SQLFlow Playground Server is a side-car service of our playground cluster. Now, it is designed as an HTTP server which does user authorization, creates DB resource, and so on. This server uses kubectl to manipulate the resource in the playground(a k8s cluster). It’s in someway the gateway of the playground. As described in the below diagram, the interaction of the three subjects could be: Clients ask the playground server for some resource. The server authorizes the client and create the resource on the playground. The client connects to the SQLFlow server in the playground and does train/predict tasks using the created resource.

  1. ----------------run task--------------------------->
  2. | |
  3. Clients <--> Playground Server <--> Playground[SQLFlow Server, MySQL Server...]

Supported API

Request URL path is composed by the prefix /api/ and the API name, like:

  1. https://playground.sqlflow.tech/api/heart_beat

This service always uses HTTPS and only accepts authorized clients by checking their certification file. So there is no dedicated API for user authentication.

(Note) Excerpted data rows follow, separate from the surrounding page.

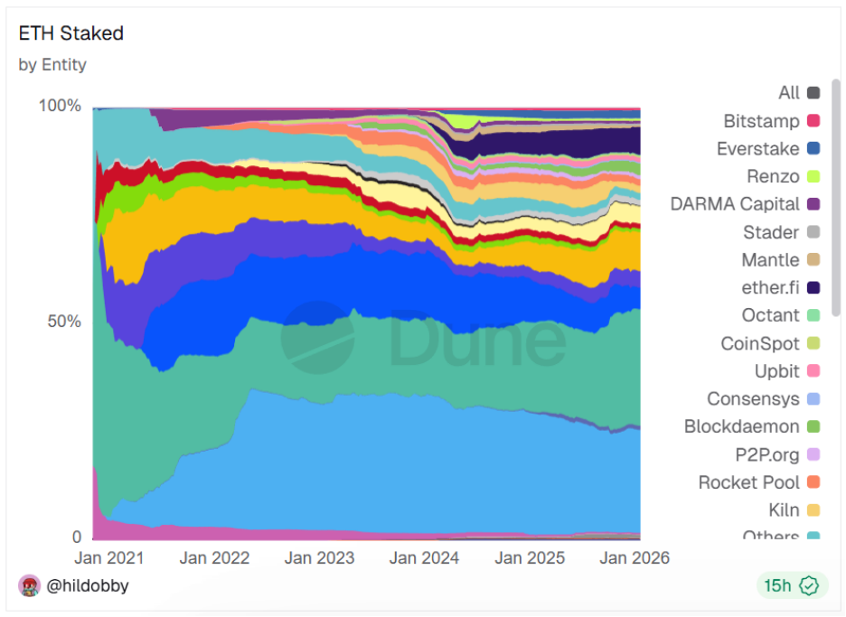 此刻的以太坊,或许正处在“堰塞湖”时刻。上游是原生DVT、Fusaka升级等技术红利与深厚的资产沉淀,下游则是中心化隐忧、价值捕获失灵与错配的市场定价。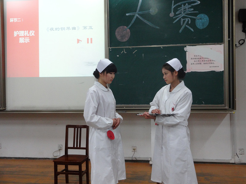 2014年“白衣天使大赛”决赛在梁林1号楼223教室拉开了帷幕。出席本次比赛的领导和评委有:护理系主任肖素香老师、学工办杨玲飞老师、团总支朱夏晖老师,嘉宾有上一届“白衣天使大赛”决赛冠军高佳和亚军陈咪和欧美无码
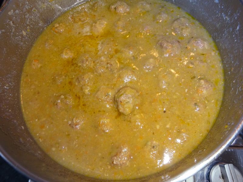 Una vez fritas todas las bolas las napamos con la salsa española, toque de pimienta negra, blanca y nuez moscada, se puede poner un ondaquino de brandy quemado que no estorba y se dejan a fuego muy lento una hora o así y ya quedan listas para ser engullidas, veremos que nos queda en la bodega pero a esta receta le va de perlas un potente tinto ya sea de Ribera o Somontano.

Currently supported API are: | name | method | params | description | | - | - | - | - | | create_db | POST | {“user_id”: “id”} | create a DB for given user, json param | | heart_beat| GET | user_id=id | report a heart beat of given client |

How to Use

For Service Maintainer

The maintainer should provide the playground cluster, and bootup a SQLFlow Playground Server. The server should have privillege to access the kubectl command of the cluster. To install the server, maintainer can use below command:

  1. mkdir $HOME/workspace
  2. cd $HOME/workspace
  3. pip install sqlflow_playground
  4. mkdir key_store
  5. gen_cert.sh server
  6. sqlflow_playground --port=50052 \
  7. --ca_crt=key_store/ca/ca.crt \
  8. --server_key=key_store/server/server.key \
  9. --server_crt=key_store/server/server.crt

In the above commands, we first installed the sqlflow playground package which carries the main cluster operation logic. Then, we use the key tool to generate a server certification file (Of course, it’s not necessary if you have your own certification files) which enables us to provide HTTPS service. Finally, we start the REST API service at port 50052.

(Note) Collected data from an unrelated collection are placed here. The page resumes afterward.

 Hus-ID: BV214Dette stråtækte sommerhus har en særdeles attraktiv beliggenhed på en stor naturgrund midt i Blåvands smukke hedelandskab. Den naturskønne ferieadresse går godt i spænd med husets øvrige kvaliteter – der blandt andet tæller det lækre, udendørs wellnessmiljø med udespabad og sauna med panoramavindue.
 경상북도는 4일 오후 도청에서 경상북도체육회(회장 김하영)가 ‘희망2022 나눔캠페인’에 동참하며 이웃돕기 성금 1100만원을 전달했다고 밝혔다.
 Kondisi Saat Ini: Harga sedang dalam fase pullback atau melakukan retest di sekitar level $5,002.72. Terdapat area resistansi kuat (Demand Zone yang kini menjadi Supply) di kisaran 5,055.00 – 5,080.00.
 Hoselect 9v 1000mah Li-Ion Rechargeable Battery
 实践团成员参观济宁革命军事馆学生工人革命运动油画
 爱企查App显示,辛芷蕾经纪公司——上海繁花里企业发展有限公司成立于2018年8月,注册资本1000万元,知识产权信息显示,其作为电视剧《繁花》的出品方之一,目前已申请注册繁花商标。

Our playground service uses bi-directional validation. So, the maintainer needs to generate a certification file for a trusted user. Use below command and send the generated .crt and .key file together with the ca.crt to the user.

  1. gen_cert.sh some_client

For The User

To use this service, the user should get authorized from the playground’s maintainer. In detail, user should get ca.crt, client.key and the client.crt file from the maintainer and keep them in some very-safe place. Also, the user should ask the maintainer for the sqlflow server address and the sqlflow playground server address. Then, the user will install Jupyter Notebook and the SQLFlow plugin package and do some configuration. Finally, the user can experience SQLFlow in his Jupyter Notebook.

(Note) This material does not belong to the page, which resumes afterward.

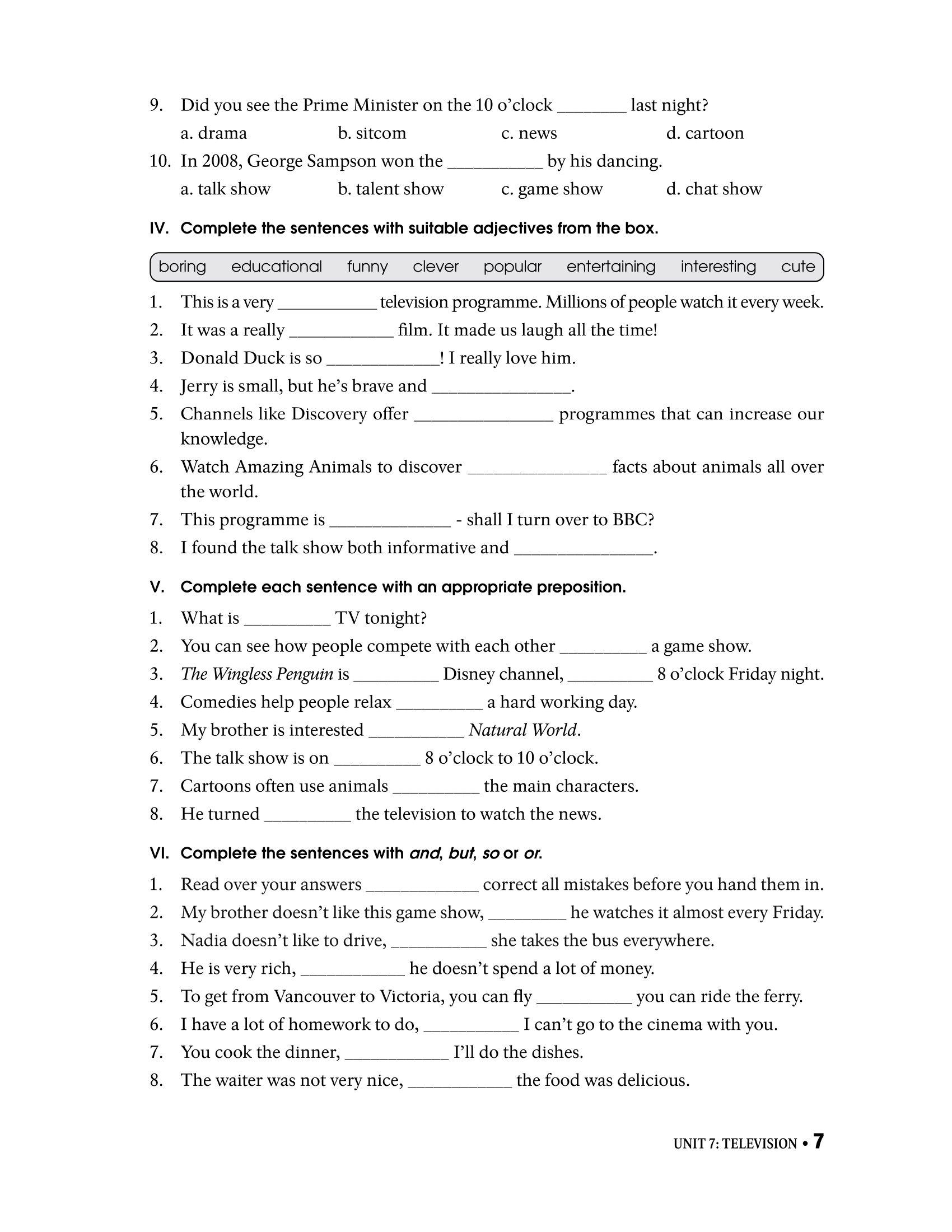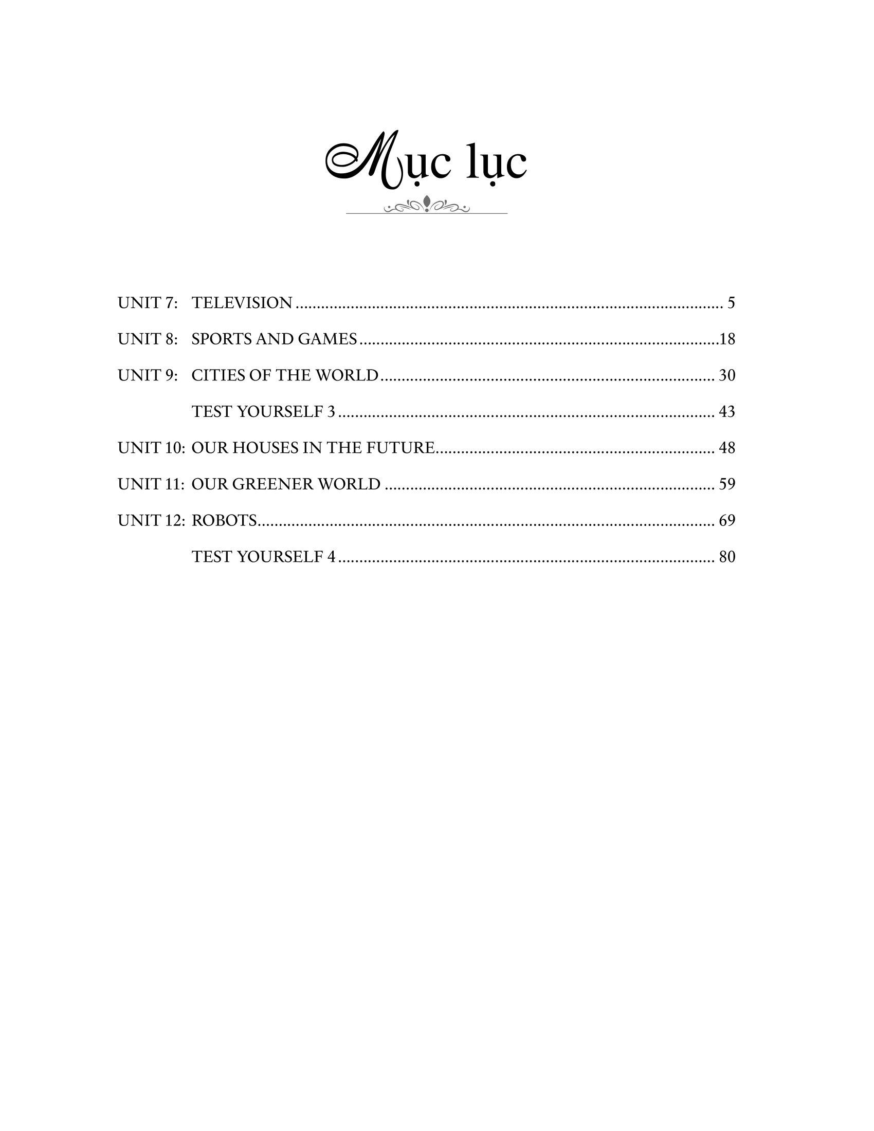 Sau phần bài tập của mỗi đơn vị bài tập có một bài kiểm tra (Test for Unit) và sau 3 đơn vị bài tập có một bài tự kiểm tra (Test Yourself) nhằm giúp các em ôn tập và củng cố kiến thức đã học.

  1. pip3 install notebook sqlflow==0.15.0
  2. cat >$HOME/.sqlflow_playground.env <<EOF
  3. SQLFLOW_SERVER="{sqlflow server address}"
  4. SQLFLOW_PLAYGROUND_USER_ID_ENV=SQLFLOW_USER_ID
  5. SQLFLOW_USER_ID="{your name}"
  6. SQLFLOW_PLAYGROUND_SERVRE="{sqlflow playground server address}"
  7. SQLFLOW_PLAYGROUND_SERVER_CA="{path to your ca.crt file}"
  8. SQLFLOW_PLAYGROUND_CLIENT_KEY="{path to your client.key file}"
  9. SQLFLOW_PLAYGROUND_CLIENT_CERT="{path to your client.crt file}"
  10. EOF
  11. export SQLFLOW_JUPYTER_ENV_PATH="$HOME/.sqlflow_playground.env"
  12. # start the notebook and try use %%sqlflow magic command
  13. jupyter notebook

Implementation

We use tornado as the web framework which provides a very good request dispatching mechanism. By the way, this framework is also adopted by Jupyter Notebook. The request processing is split into two steps:

  1. Register a request handler

    1. tornado.web.Application([(r"/", MainHandler)])
  2. Implement the handler as a class, the method name get imply it accepts GET requests.

    1. class MainHandler(RequestHandler):
    2. def get(self):
    3. self.write("hello SQLFlow!")

    In addition, We add a k8s manipulate class, which can create resource in the cluster. It’s now implemented in a brutal way (use kubectl). We may refine it by using k8s’s API.